Tuesday, September 1, 2009

La Verdad

The other day I was driving home from work, listening to NPR (yep, dork), when I heard a segment interviewing the author of this new book Nurture Shock. The author, Po Bronson, brought up a pretty interesting theory about lying in children.
Mr. Bronson said that all children lie (no duh), and that lying is a sign of nascent intelligence, indicating that the child understands the difference between reality and stories they create as an alternative reality. By age 4, all children "should" be lying. However, it is the parents' responsibility to "socialize" the child not to lie by age 7, or lying then becomes a coping mechanism for dealing with uncomfortable situations (in other words, they become pathological liars).
For the most part, children do not lie because they are just "bad." They lie because they do not want to be met with our disproval over the truth. In other words, Carter told us that he sat on Bennett because he thought he was a statue, because he thought that wouldn't make us mad, but telling us that he sat on his brother because he thought it was funny would (and yes, it would). What they do not have the capacity to understand at that age is that not only are we mad about the truth (because parents are after all omniscient, are we not???), but we're doubly mad that they lied about it.
So, how do you deal? Mr. Bronson says that the more severe the punishment is for lying, the more we drive our children to become better liars. Rather, you have to "socialize" your child not to lie. Parents should "preempt" a lie ('cause you can see it coming from a mile away) and say "Look, it would make me really proud of you or happy with you right now if you tell me what really happened." So yeah, you have to give up some of your irritation about the preciptous event, and "reward" in a sense the act of telling the truth.
Hm.....there's something to chew on.
Then Mr. Bronson turned to a subject which already causes me great anxiety - teenagers. He said that a study done recently showed that out of 26 topics, the "average" teen will lie to their parents about at least 12 of the topics (I think those are the correct numbers). On the low end, the very "best" teens only lie to their parents about 4-6 of the topics. So, parents shouldn't be so delusional as to believe they actually have an honest and open relationship with their child. None of them tell the truth all the time. But what makes the difference between the 12+ -topic liars and the 4-topic liars? According to Mr.
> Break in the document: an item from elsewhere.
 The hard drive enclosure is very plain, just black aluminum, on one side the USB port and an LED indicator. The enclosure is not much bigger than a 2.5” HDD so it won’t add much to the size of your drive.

Bronson, if the parents allow for some negotiation of the rules, the teens are more likely to "argue/negotiate" the rules rather than just circumventing the whole ordeal and doing what they want anyway. Mr. Bronson posits that if parents deliberately create situations where they are willing to negotiation/argue for some leniency with their teens on "easier" issues, that will encourage the teen to be more honest about the harder issues.
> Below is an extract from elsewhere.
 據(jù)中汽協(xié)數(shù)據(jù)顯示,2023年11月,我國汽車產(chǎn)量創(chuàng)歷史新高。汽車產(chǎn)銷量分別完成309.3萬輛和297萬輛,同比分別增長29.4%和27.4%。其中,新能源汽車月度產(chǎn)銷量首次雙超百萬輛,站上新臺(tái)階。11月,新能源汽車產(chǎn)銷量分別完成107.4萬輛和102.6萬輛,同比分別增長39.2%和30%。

  1. i am super excited that you posted this and am going to try it out tonight because i can already tell you that Bailee WILL lie to me tonight. she is on a KICK with the lying. i have tried the boy who called wolf story - rather than take anything from it, she asks us to just repeat it but changing the wolf in the story to a bear, or a tiger.... then i have tried scare tactics otherwise known as MOM tactics - using the voice that she KNOWS means business, giving her that LAST opportunity to tell the truth. they work, yes, but wow is this author right in that the child is then just resulting to learning how to be better at lying, rather than just avoiding the wrath of the MOM tactics and telling the truth up front.
    they actually touched on this in church this weekend - there are rules and laws to abide to and to be guided by. if we mess up, God does not use GOD tactics - with a voice that we know means business, threatining to take away something we enjoy if we don't fess up - instead, He puts the rules out there for us, they are concrete, we'll make mistakes but know that we can be forgiven and know that He'll be pleased when we do fess up and apologize and correct ourselves.... and that we should be the same way with our children - we threaten and scare our kids into submission and obedience, when we are supposed to be the living form of God, but He would never do that to us, so what gives us the right to do that to them..... but then again, i have to admit it sureeeeeeeeeee is fun using my MOM tactics I worked so hard to earn lol ;)
    great blog entry and good food for thought.

  2. I am glad my kids are all grown is all I got to say!

  3. Amen Lizzie!!! And great post Chantelle!!! Teens should not make you anxious- they are SO MUCH fun! Way easier than little kids- TRUST ME! But, to respond to your entry, I think the guy is right! Scare kids and act holier than thou and your kids will lie just so they don't have to face parents' unreasonable disapproval. I didn't lie to my mom much because she was SO OPEN and I knew she wouldn't go bananas on me over the smallest thing. I saved lies for the big stuff that she wouldn't have wanted to know. LOL! I think I've come clean with it all now though. Lizzie's right though- God makes it clear that he wants us to be honest. His rules are put in place to guide us to have the best lives possible- not so He can punish us.